_Raw data_
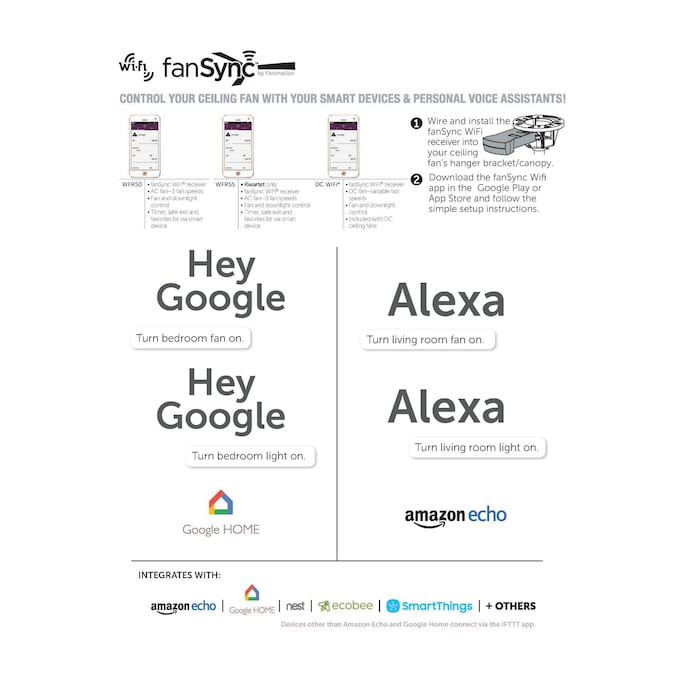 - TECHNOLOGY: WiFi connectivity, which allows the fan to pair with most smart home devices
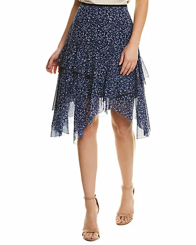 - Sharon Silk Midi Skirt in regal multicolor with floral chiffon design and handkerchief hem
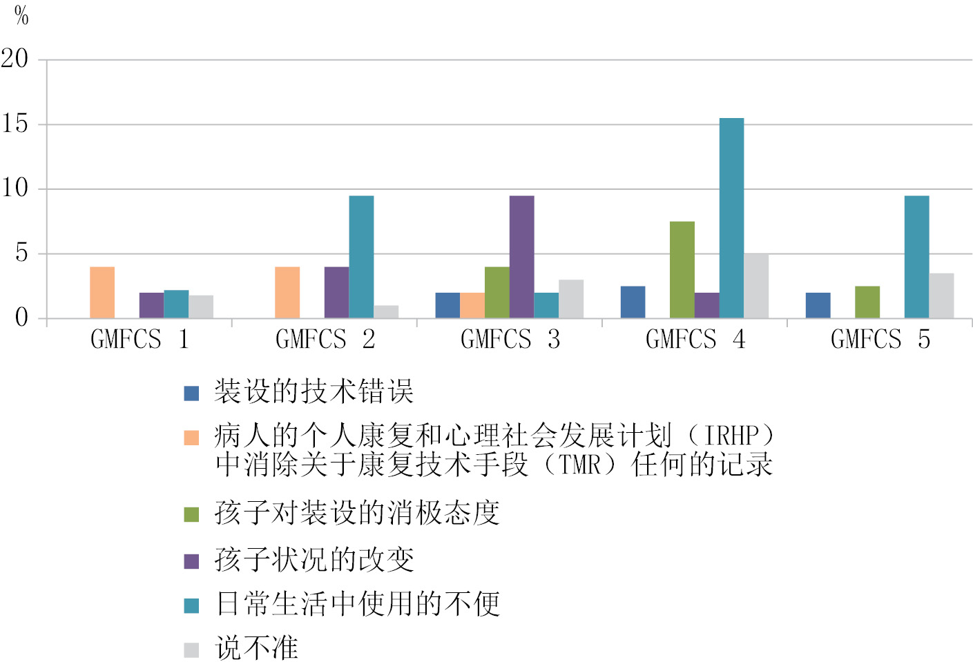 The highest frequency of reuse of standing frames (supports for standing) was registered in patients with a GMFCS level 5 of motor activity (77%).

_Required action_
Please write out all the data word for word, but keep every picture out.

_Task solution_
 - TECHNOLOGY: WiFi connectivity, which allows the fan to pair with most smart home devices
 - Sharon Silk Midi Skirt in regal multicolor with floral chiffon design and handkerchief hem
 The highest frequency of reuse of standing frames (supports for standing) was registered in patients with a GMFCS level 5 of motor activity (77%).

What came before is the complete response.